We did not mean that N2b amplitude is necessarily modulated by both. As findings on N2b amplitude modulations are generally rather inconsistent, we aimed to stress that there are several different explanations that could account for the reported findings. Some of them could relate to differences in the processing of absolute and relative pitch at the level of N2b, but such a descriptive difference could just as well be accounted by the differential overlap with P3a – as the N2b peaked later in the relative pitch context, it more temporally overlapped with P3a (which did not show a significant latency effect by pitch context).

“No amplitude or latency differences were found for P3a for relative and absolute conditions. This is consistent with the idea that top-down processes (attention?) compensate for any increased difficult of the relative pitch condition. But the authors go on to state the absolute and relatively pitch information might just be processed “differently”. I couldn’t follow this argument.”

We meant to say that in active listening we did not find evidence that processing of true pattern changes is affected by absence of absolute pitch information at the level of P3a. However, we would advise caution to infer from this finding in active listening, that the same holds true for passive listening. Simply because top-down processes could compensate in active listening, the same might not be true in passive listening. Such an inference is, in our opinion, beyond the scope of the current study. During the comparison of the current data with Bader et al. (2017) we noticed that when taking the data from both studies together, this point is stressed even further. We added this to the discussion in the following manner: “Actually, in the direct comparison of passive and active listening task (supporting information S3), it appears that P3a elicited by true pattern changes might be separable into two distinct subcomponents [95–99] – namely an early and a late P3a. When visually comparing both studies a potential late P3a was elicited of similar latency and amplitude in both studies irrespective of pitch information. However, a potential early P3a was elicited only in response to absolute true pattern changes in passive listening. Thus, this early P3a activity could be a candidate to further elucidate differential pattern processing as a function of pitch in future studies.” Thus, in passive listening absence of absolute pitch information might not have caused an increase in P3a latency per se, but rather early P3a seems to only be elicited in response to absolute and not relative true pattern changes. Such an early P3a was not observed in active listening regardless of type of pitch information. This points to a striking divergence between passive and active processing of absolute and relative pitch.

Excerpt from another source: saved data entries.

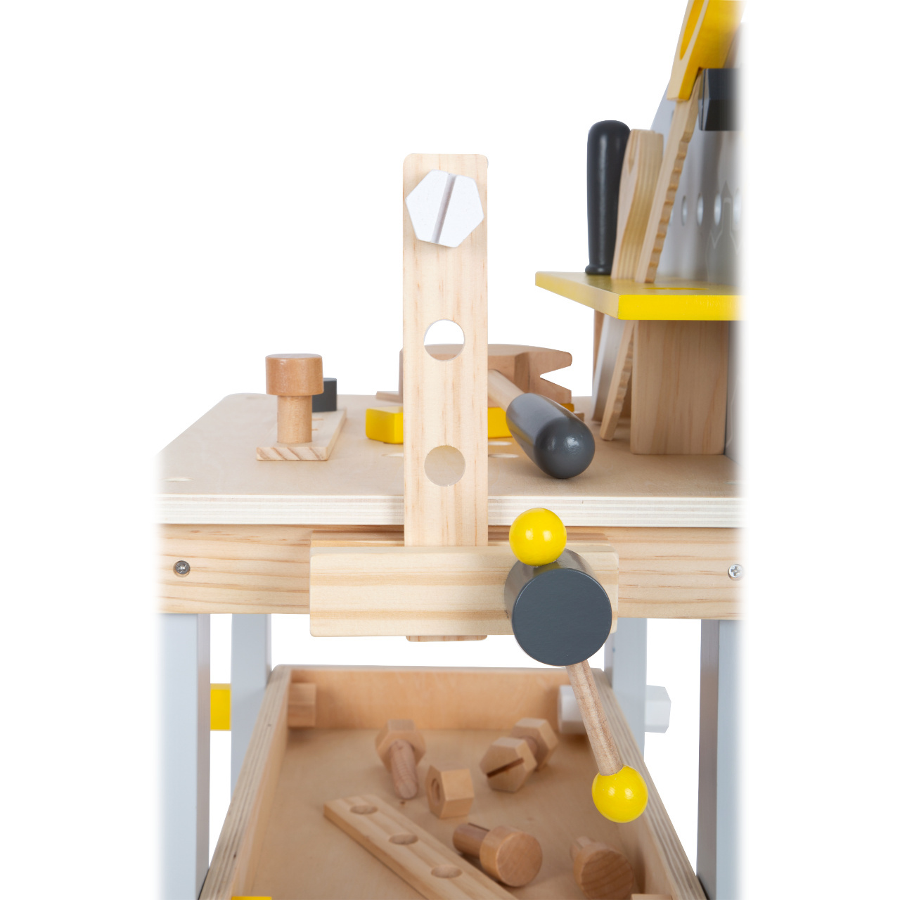 V této dílně se toho děje opravdu hodně. S tímto kompaktním ponkem v klasických barvách, který je viditělně dřevěný si děti mohou otestovat svou zručnost. Děti vám také mohou pomoci se složením tohoto herního ponku! Všechno nářadí a doplňky můžete do ponku uložit tak, aby nezabíraly moc místa. V balení 5 kusů nářadí a mnoho doplňků – 1 svěrák, 3 perforované dřevěné pásky, 1 metr, 1 pilka, 2 šroubováky, 1 kladivo, 5 šroubů, 5 matek, 3 dřevěné hřebíky.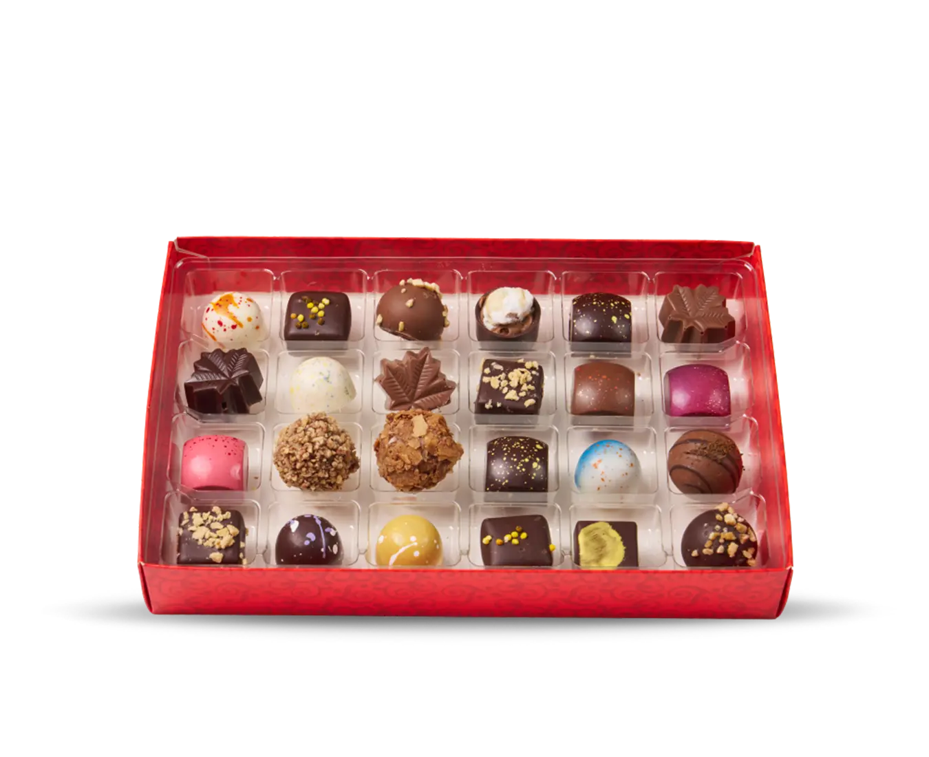 Nos maître chocolatiers ont concoctés à la main plus d'une trentaine de chocolats fins regroupés à travers différentes familles de saveurs. On vous présente nos plus grand succès en boîtes de 6, 12, 24 ou 48 morceaux. Note : afin de maximiser la saveur et de la fraîcheur de ces chocolats, assurez-vous de les conserver dans un endroit frais et sec entre 15 et 20° et de les consommer dans les 15 jours suivant l’achat. *Photos et saveurs à titre indicatif seulement. Le contenu de la boîte peut varier.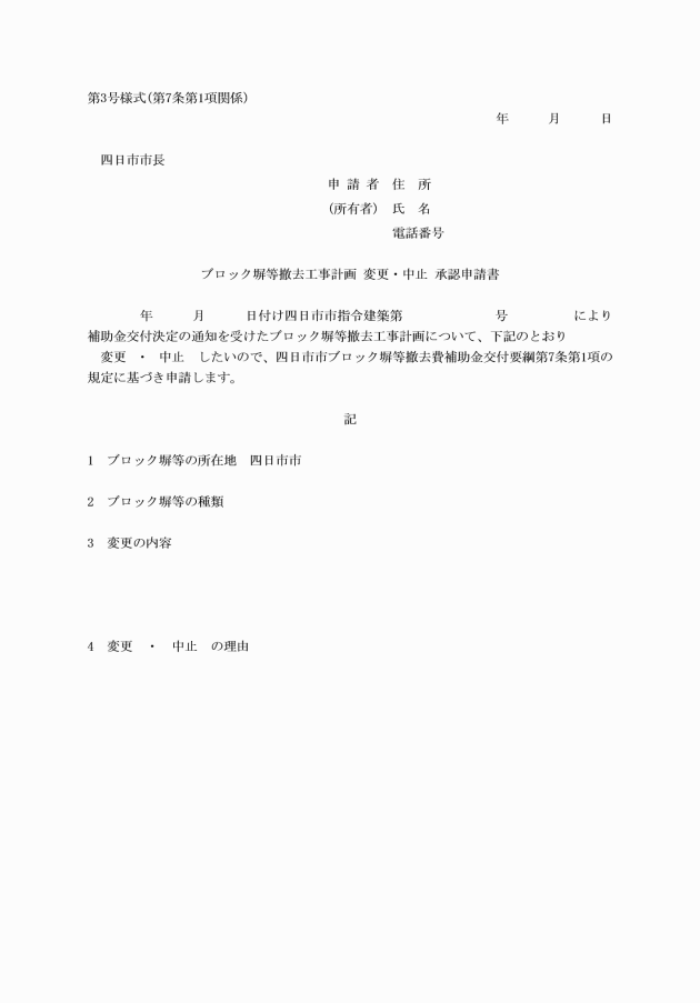 第7条 申請者は、申請内容を変更しようとするとき(軽微な変更を除く。)又は工事を中止しようとするときは、あらかじめブロック塀等撤去工事計画変更・中止承認申請書(第3号様式)に別に定める関係書類を添付して市長に提出しなければならない。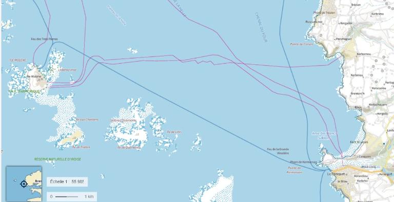 Le port du Conquet est le port régional continental situé le plus à l'ouest de la Bretagne. La ria qui l'accueille est orientée Ouest-Est. La zone de navigation est plutôt périlleuse. A proximité du chenal du Four, le port du Conquet voit son chenal d'accès compliqué par les roches de la grande et de la petite Vinotière (tourelle sur la grande Vinotière), la Normande et, au sud, la basse des Renards (bouée et tourelle).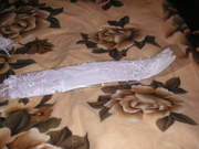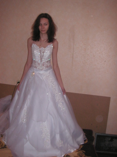 Новое очень красивое платье, для настоящей принцессы! Нежное, богатое, но не наляпистое, украшено вышивкой и стразами. Корсет ниже талии, плотный,хорошо скрывает животик, сзади на молнии и завязках. Атласная юбка, поверх крылья нежного, легкого фатина, придающего воздушность... разбросаны вышитые цветы.... Справа на юбке шикарная "брошь". Платье можно одевать с подъюбником и без, Вместе с платьем идет подьюбник на 2 кольцах, фата, перчатки и украшения. Размер 42--48. Звоните 093 8277268. Ирина. P.S: в жизни оно гораздо лучше чем на фото! |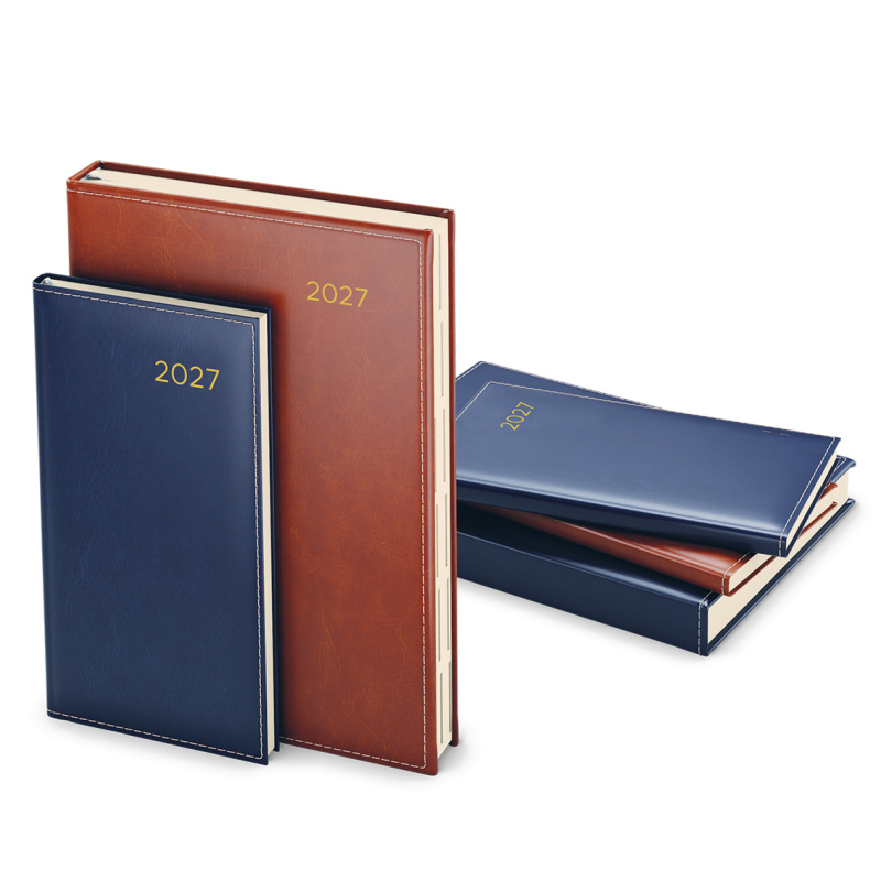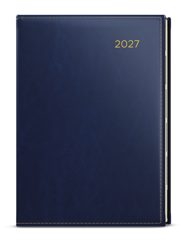 Týdenní diář vyrobený z modré koženky s moderní zlatou ražbou roku. Diář, který povýší jakoukoli Vaši schůzku.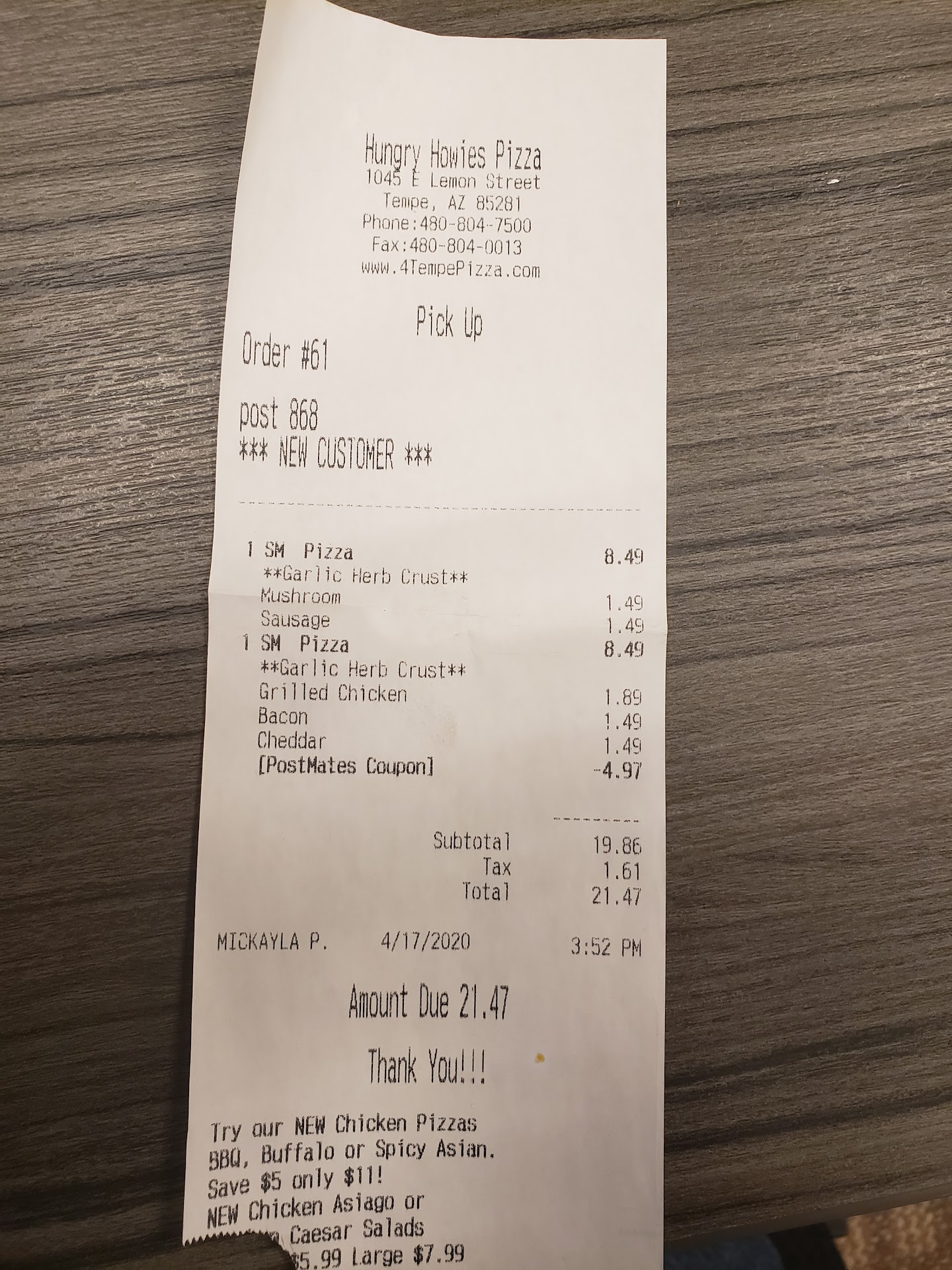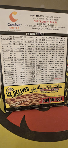 The best thing about Hungy Howie's is that they sponsor the chanel list in the hotel room. Other than that, skip this place. Spend a few extra bucks on something else, anything else.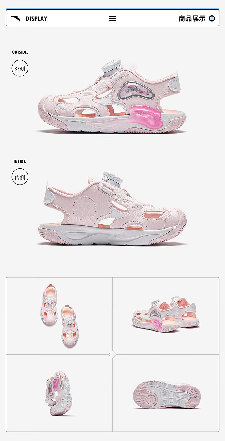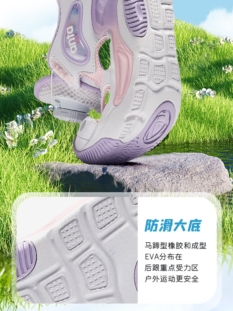 ANTA Children's Sandals Girls' Shoes 2025 Summer New Arrival Knob Buckle Outdoor Baotou Anti-collision Jellyfish Beach Shoes ANTA White/Pearl Pink/Silver-1 30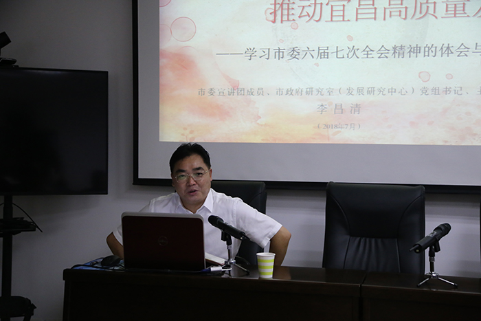 辅导会上,李昌清围绕一场深刻变革、五项重点工作、三个切实用好、当前经济形势等方面,系统讲解了习近平总书记视察湖北重要讲话精神,全面解读了市委六届七次全会精神,对宜昌如何推进新旧动能转换,实现高质量发展进行了系统的讲解。
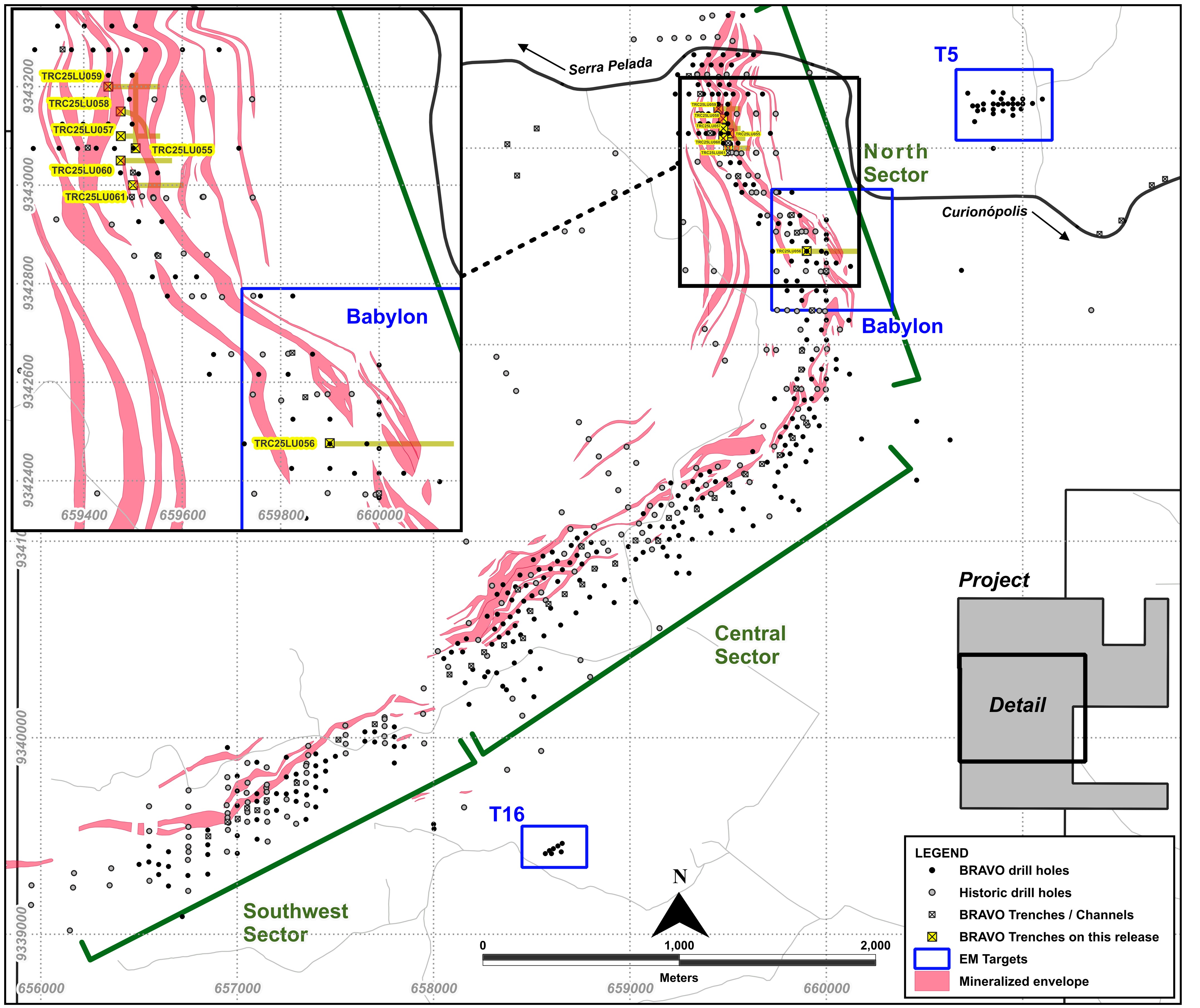 “Trenching has identified the presence of anomalous copper associated with elevated gold values in the North Sector of the Luanga Deposit, which is particularly encouraging, as it may point to later-stage Iron Oxide Copper Gold-style (“IOCG”) mineralization overprinting the PGM mineralization. This emerging copper-gold association supports our broader geological model and aligns with the rationale behind advancing our dedicated copper-gold exploration division, which is now working on an exploration program designed to further define and test Cu-Au targets in 2026,” said Luís Azevedo, Chairman and CEO of Bravo. “At the same time, trenching continues to demonstrate a broader lateral extent of oxide PGM+Au mineralization at surface, including zones with significantly higher grades and particularly elevated gold grades as compared to those previously observed. These consistent results suggest potential to increase the overall volume of oxide mineralization at Luanga. Importantly, the higher-grade zones observed in trenching align with, and in some cases exceed, grades intersected in drill holes at depth in this area.”

“From the results, the N2b and P3b were both delayed in the relative compared to absolute condition. The authors interpret the N2b as representing “target selection” and the P3b as representing change detection, or working memory or response related processing. Therefore, they conclude that target selection is delayed from relative pitch, but that change detection, working memory and response-related processing are not of themselves delayed. This argument of course depends on accurate assessment of N2b latency.”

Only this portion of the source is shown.